In this situation, the affected operations may basically be sound and
only require small degrees of change to be applied, and then only to
selected elements of the overall process, for example the
modification of information technology systems.
Continuous improvement is normally a fundamental component of
total quality management (TQM).
However, there really is no reason why an organisation should not
implement a suitable cocktail of different techniques in order to
achieve its objectives.

What is TQM?
Total quality management (TQM) is the continual process of
detecting and reducing or eliminating errors in manufacturing,
streamlining supply chain management, improving the customer
experience, and ensuring that employees are up to speed with
training.
The Radicalism of BPR
Business process re-engineering is the re-engineering of business
systems. It has been called a radical change programme which is
designed to:
• reduce costs significantly
• make operations significantly more efficient
• find a competitive advantage.

The need for BPR is often driven by acutely unfavourable business


circumstances, but even without these a prudent management will
consider the competitive advantages which may follow from BPR.
It is better to be proactive rather than be forced to respond when a
crisis is upon the company.
BPR can be said to be a high risk technique as the aim is to achieve
high levels of improvement in a short timescale.
The Driving Force for BPR
The motivations for applying this technique will be varied, but the
continuing survival and development of the organisation are normally
at the heart of such radical change methods.
There may be, on the one hand, the fundamental need to refocus the
strategy of the organisation or alternatively external forces (such as a
new competitor in the market or changed economic conditions) may be
brought to bear. The following general examples may apply:

• increasing cost burdens squeezing profit margins;


• declining income levels from a given product or service,
suggesting that additional or improved service is necessary;
• inefficient usage of resources possibly linked to funding
limitations;
• poor productivity and efficiency levels when compared to
industry norms;
As with the application of any form of strategically driven technique,
top management should be seen as the driving force and be
responsible for the re-engineering initiative.
In order to enhance the possibility of success, the BPR project team
should include suitably senior and experienced managers.

Benefits from BPR


Very frequently, post BPR, the business is likely to be more closely
aligned with customer needs (“customer focused”) than before BPR.
All processes become geared to the customer. Staff and management
are likely to benefit from increased empowerment.
The IT systems will more closely correspond to need. Business costs
will have been reduced through downsizing, better asset management,
better supplier relationships and productivity benefits.
How BPR May Affect the Business
Although the results of BPR are intended to be beneficial, the process
has risks associated with it.
Staff are likely to be resistant to major change and morale may suffer.
The efficiency of running existing systems may be impaired as staff
resources are diverted to the BPR project.
The transition from the old systems to the post-BPR approach can be
unsettling and, unless planned with very great care, lead to major
breakdowns in business performance.
This is especially so as BPR usually involves the redesign of IT
systems. Customers may suffer in the short term even though they
should notice perceptible improvements after implementation of BPR.
In the short term BPR will be expensive as it is likely to entail major
investment of time by management and staff, and of capital by the
business itself.
If consultants are used, the business must be careful to ensure that it
does not lose ownership of the programme.
The following 11 general principles for a BPR project are taken from
Business Process Re-Engineering—A Practical Handbook for
Executives, by Stephen Towers:
1. A BPR programme will take strong leadership, substantial time
and real commitment.
2. Begin with a baseline assessment of your processes today.

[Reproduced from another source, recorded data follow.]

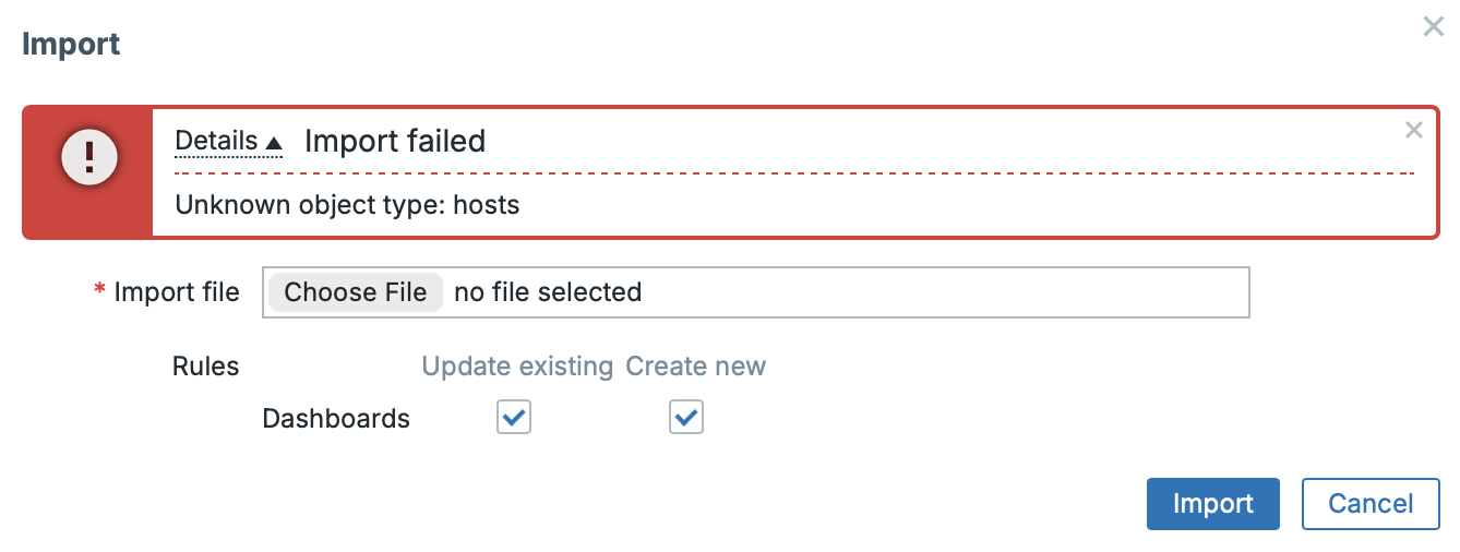 During import, individual objects are not matched by ID, but by name. In our example, the host was renamed from “Zabbix server” to “Zabbix server RENAMED”, and the system was then unable to find it. The fix is straightforward: you can adjust the mapping directly in the UI during import, or by editing the exported file.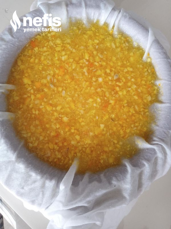 - Karışımı bir tülbent ya da ince süzgeçten süzerek posasından ayırın.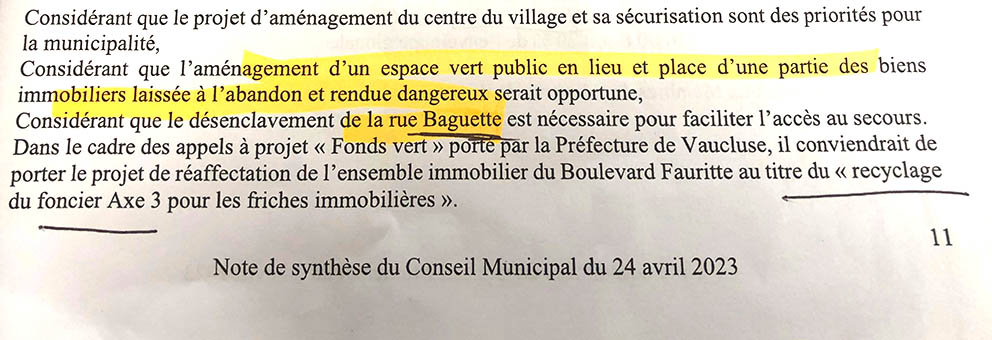 Dans la précipitation, le document de synthèse, reçu par les élus, fait état de la rue Baguette située près de l’église. Or le projet concerne la Traverse de la Cuillère. Ce qui n’est pas la même chose.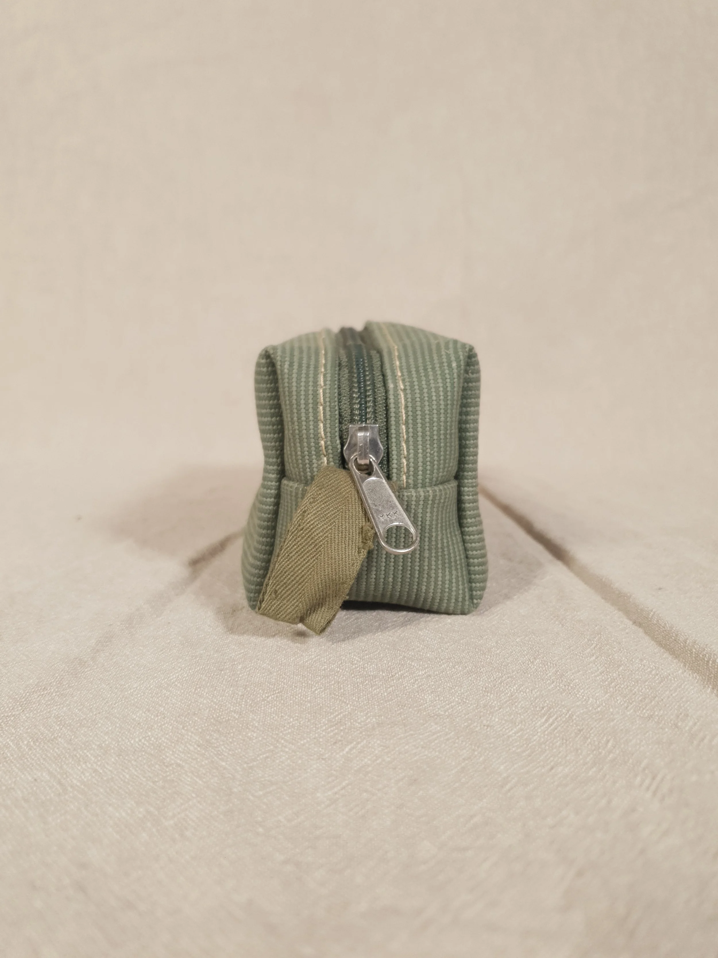 Da das Etui zu einem grossen Teil aus recycelten Materialien besteht sind Spuren des „Vorlebens“ nicht auszuschliessen; unseres Erachtens sind sie sogar gewünscht: Teilweise weist der Stoff kleine Löcher von früheren Nähten auf, in seltenen Fällen ist er etwas fleckig, geflickt. All dies beeinträchtigt jedoch in keiner Weise die Funktion.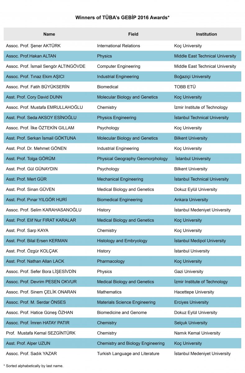 105 applications were received for the 2016 GEBİP program in the fields of natural sciences, engineering sciences, health sciences and social sciences, and 31 scientists, named below, were granted awards. Award winners will receive an annual grant of 20 thousand Turkish liras for 3 years, and doctoral students in the process of writing their dissertations will receive an additional grant of 6 thousand liras.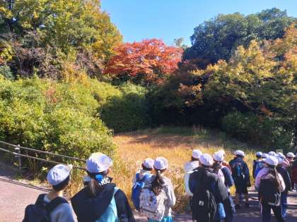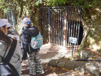横穴古墳を身近に見ることができました。紅葉がきれいな道を通って大和川にむかいます。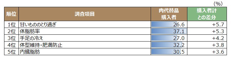 肉代替品に含まれる植物性のタンパク質は、動物性のものと比べて脂質が少なく、食物繊維が豊富とされています。このことから、健康面で肥満などの悩みを抱えている人が、健康・ダイエットのために肉代替品を購入していると考えられます。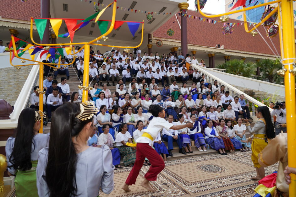 នៅរសៀលថ្ងៃទី៤ ខែមេសា ឆ្នាំ២០២៥ ឯកឧត្តម រដ្ឋមន្ត្រី នេត្រ ភក្ត្រា និងលោកជំទាវ ទុយ សិរីរតនៈ ប្រធានកិត្តិយស សមាគមនារីកម្ពុជាដើម្បីសន្តិភាព និងអភិវឌ្ឍន៍សាខាក្រសួងព័ត៌មាន រួមទាំងថ្នាក់ដឹកនាំ មន្រ្តីរាជការនៃក្រសួងព័ត៌មាន បានអញ្ជើញក្រុមសិល្បៈមកធ្វើការសម្ដែងរបាំត្រុដិ ដើម្បីបណ្ដេញនូវឧបទ្រពចង្រៃក្នុងឆ្នាំចាស់ ផ្លាស់ទទួលអំណរឆ្នាំថ្មីប្រពៃណីជាតិខ្មែរ ឆ្នាំ២០២៥ ។
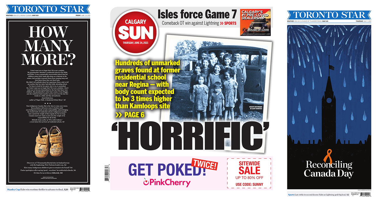 I am looking at the coverage around unmarked graves of Indigenous children being found at residential schools. Another discovery was made in Saskatchewan (after a previous discovery in B.C.) on June 23. On June 24, most Canadian newspapers dropped the ball (I will celebrate, and not critique design here, but I will critique editorial decisions). Postmedia, which has a local paper in Regina, had the story first. An example of why local news matters. Postmedia’s coverage on the first day was strong. The rest were lacking. But the next day, the Star attempted to make amends. The previous day highlights the challenges to newspapers. The story was somewhat late breaking. There wasn’t a ton of information. But, and it’s a big but, the story required more attention than it got. It was the tear-the-front-page-apart kind of story: 751 UNMARKED graves of Indigenous children were found at a former residential school in Saskatchewan. I won’t say hundreds, as every one is important. I highlight unmarked to emphasize the contempt, the lack of humanity, toward the children, the families. Here is what the Star produced the following day, Friday, June 25.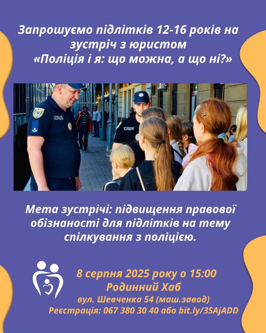 Це буде зустріч з юристом. Підлітки дізнаються про свої права, правила спілкування з представниками поліції й корисні юридичні поради для повсякденного життя.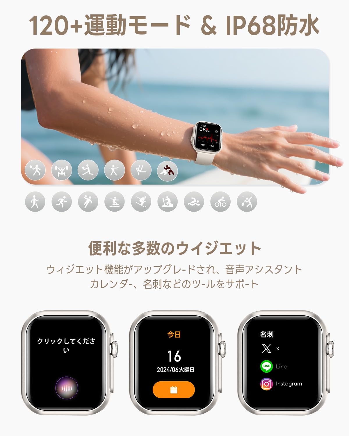 * 【120種類のスポーツモード&IP68防水・多機能状況管理】本スマートウォッチにランニング、ウォーキング、サイクリングをはじめとした120種類のスポーツモードを搭載し、日々の運動をしっかり記録・サポートします。IP68の防水・防塵仕様で、手洗いや汗をかく場面でも安心してご使用いただけます(※高温の浴場・サウナ・温泉での使用は不可)。状況管理機能も充実しており、心拍数・血中酸素の常時モニタリング、座りすぎ・水分補給リマインダー、呼吸トレーニング機能も搭載してます。さらに、睡眠管理により30日間の睡眠状態を記録・可視化。女性向けの月経周期管理機能も備え、日常の健康をトータルでサポートします。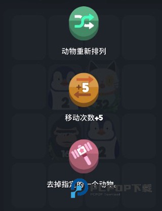 在这里道具主要分为三种:重新排列、移动次数+5和去掉制定的动物。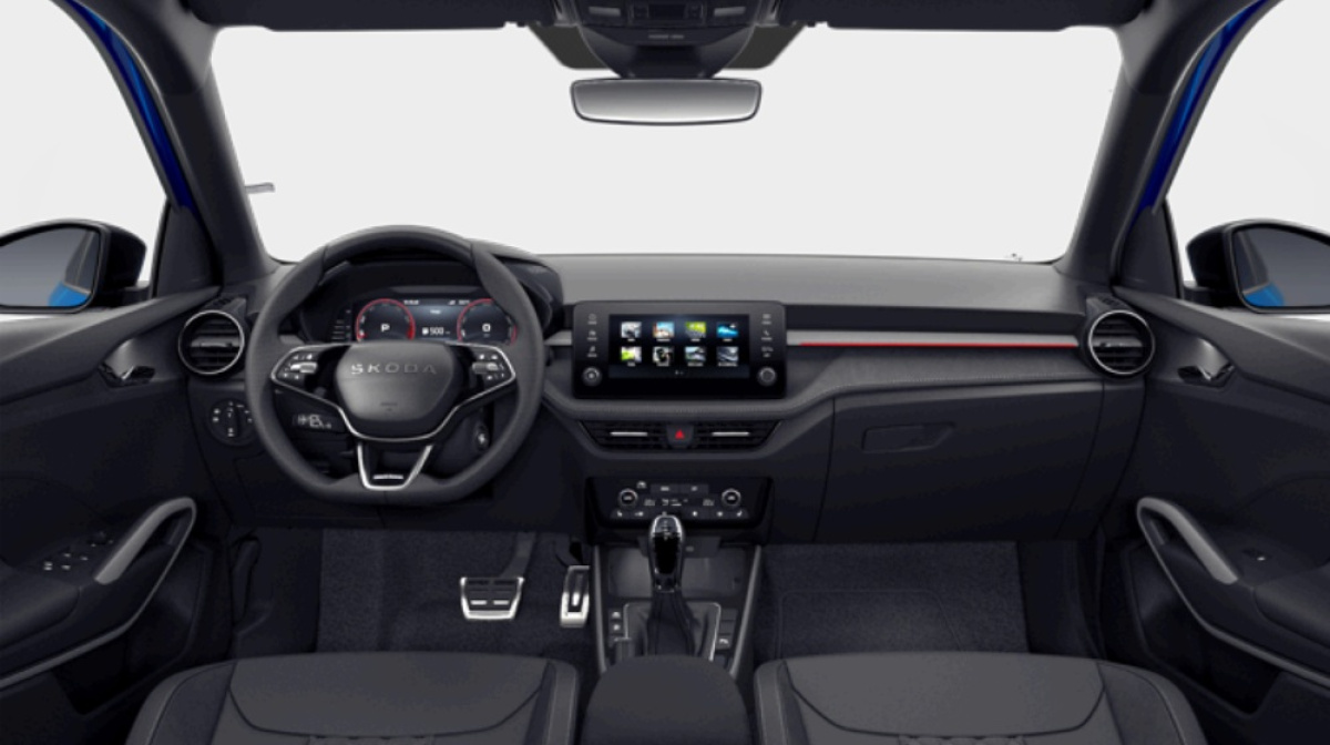 - Dynamic - športové látkové sedadlá, poťah prístrojovej dosky Látka Dynamic, Ambientné osvetlenie prepínateľné biela/červená, ozdobné kryty pedálov z ušľachtilej ocele, vkladané tkané koberce vpredu a vzadu, 3-ramenný športový kožený multifunkčný volant, chrómové orámovanie výduchov ventilácie,lakťová opierka vpredu s odkladacou schránkou Jumbo Box a výduchmi ventilácie pre cestujúcich vzadu, výškovo nastaviteľné sedadlo spolujzadca, manuálne nastaviteľné bedrové opierky, ele. ovládanie okien vzadu

3. Consultants are extremely useful in moving a BPR programme


forward.
11 general principles for a BPR project
4. Define BPR in quantitative terms, and set up a BPR directorate.
5. BPR should be institutionalised through structural changes
including “working groups”.
6. BPR means revised and revamped technology.
7. Successful BPR begins internally, within an organisation, before
it moves out to your business partners and customers.
8. Your organisation’s training budget will increase considerably,
but it’s worth it because BPR rests on the shoulders of your staff.
9. Staff motivation remains the most difficult aspect of BPR to get
right.
10. Expect that a percentage of your staff will not be able to measure
up.
11. Evaluate your risks, but don’t let them deter you.
The Implications for Internal Audit
The more major the change within a business, the greater the risk to
effective internal control.
BPR is intrinsically linked to major change. It is major change which
results in staff being more process or project oriented and less
functionally oriented: this very often reduces the extent to which
internal control is achieved through segregation of functions and
duties—and so alternative ways of achieving satisfactory control must
be implemented.
Internal auditors are often rightly asked to participate in the BPR
process. When BPR is being designed and implemented, invariably the
resources of the internal audit function will be targeted in large
measure to the new systems being developed. Internal auditors must
understand the BPR process in order to advise on the control quality of
the new systems.
Internal auditors should also be in a position to review the BPR change
process itself and advise whether that process has effective controls
built into it.

One particular risk is that of escalating costs associated with the BPR
project.
Internal auditors should be alert to the risk that established
controls may not be operated effectively during the BPR project as
management and staff resources are diverted to the BPR project itself.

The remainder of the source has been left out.